Staffelung (Flugverkehrskontrolle)
Staffelung, auch Separation (englisch: separation, traffic resolution), ist eine Methode der Flugverkehrskontrolle. Man versteht darunter die Leitung bzw. Lotsung von Luftfahrzeugen mit dem Ziel, ausreichenden Sicherheitsabstand zwischen den einzelnen Luftfahrzeugen herzustellen. Die Staffelung wird von am Boden befindlichen Flugverkehrskontrollstellen oder den Piloten selbst durchgeführt.
Inhaltsverzeichnis
ICAO-Mindeststaffelungsabstände
Die Mindeststaffelungsabstände beziehen sich auf die unterschiedlichen Gewichts- bzw. Wirbelschleppenkategorien von Flugzeugen. Dies ist deshalb erforderlich, da Flugzeuge bei höherem Anstellwinkel Wirbelschleppen erzeugen, die ein nachfolgendes Flugzeug gefährden können (Turbulenzen), besonders dann, wenn das vorausfliegende Flugzeug verhältnismäßig sehr viel größer ist. Nachfolgend werden folgende Luftfahrzeug-Gewichtskategorien verwendet:
- L → light → bis 7 Tonnen MTOW
- M → medium → über 7 Tonnen bis weniger als 136 Tonnen MTOW
- H → heavy → 136 Tonnen MTOW und schwerer
- J → super → derzeit nur für Airbus A380 und Antonow An-225
Der folgende Begriff Flugzeug bezieht sich auf alle Luftfahrzeuge – somit auch auf Luftschiffe, Hubschrauber, Paragleiter usw.
Radarstaffelung
In der Regel sind dafür Radar-Fluglotsen verantwortlich, die per Funk den Piloten entsprechende Anweisungen erteilen. Den Piloten werden Kurse und Flughöhen zugewiesen. Man spricht dann auch von Radarstaffelung, da die Bewertung aufgrund von Radar-Daten erfolgt.
Nicht jedes Flugzeug wird von Fluglotsen gestaffelt. Dies hängt davon ab, ob sich das Flugzeug in kontrolliertem oder unkontrolliertem Luftraum befindet und ob der Flug nach Instrumenten-Flug-Regeln (IFR) oder nach Sichtflugregeln (VFR) durchgeführt wird (vgl. hierzu: Luftraumstruktur).
Die Radarstaffelung muss mindestens 2,5 NM (Nautische Meile oder auch Seemeile) im Endanflug betragen – ansonsten 3 NM. Voraussetzung dabei ist, dass keine schwerere Kategorie vor einer leichteren fliegt.

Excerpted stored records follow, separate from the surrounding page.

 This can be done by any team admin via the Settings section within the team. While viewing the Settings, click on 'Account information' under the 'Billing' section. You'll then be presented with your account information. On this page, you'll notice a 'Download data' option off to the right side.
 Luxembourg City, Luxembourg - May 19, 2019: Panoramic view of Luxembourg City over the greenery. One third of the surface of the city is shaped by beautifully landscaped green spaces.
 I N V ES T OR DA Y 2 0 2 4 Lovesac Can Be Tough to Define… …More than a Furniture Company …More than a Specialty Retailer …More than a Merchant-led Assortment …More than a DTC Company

Erlaubt ist also die Anflugfolge: L-L, M-M, L-M, L-H, M-H. Bei heavy hinter heavy (H-H) muss ein Abstand von 4 NM eingehalten werden.

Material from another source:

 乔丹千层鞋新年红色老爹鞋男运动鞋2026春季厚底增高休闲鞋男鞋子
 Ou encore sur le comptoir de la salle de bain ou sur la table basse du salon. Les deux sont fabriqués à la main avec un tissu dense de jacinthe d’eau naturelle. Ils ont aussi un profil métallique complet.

Allgemein gelten in Deutschland und in Österreich folgende Werte für Radarstaffelung zwischen zwei Flugzeugen:
- Der Abstand in gleicher Höhe ist 3 NM in der Nähe der Flughäfen und 5 NM auf der Strecke (Lateralstaffelung) groß.
- Der Höhenabstand beträgt generell 1000 ft. Er wird ab Flugfläche 290 auf 2000 ft. erhöht (Vertikalstaffelung). Von der 2000 ft. Staffelung in größeren Flughöhen wird dank verbesserter Technik und zwecks besserer Auslastung des überfüllten Luftraumes zunehmend wieder Abstand genommen (Reduced Vertical Separation Minimum).
Wirbelschleppenstaffelung
Da Wirbelschleppen vor allem von der Flugzeugmasse abhängig sind, bedeutet dies für die Lotsen, dass sie einen erhöhten Abstand einhalten müssen, wenn ein schweres Flugzeug vor einem leichten herfliegt. So ist zwischen einem Jumbo und einer Cessna 172 ein Abstand von mindestens 6 NM einzuhalten, während ungefähr gleich große Flugzeuge nur 3 NM Abstand einhalten sollten.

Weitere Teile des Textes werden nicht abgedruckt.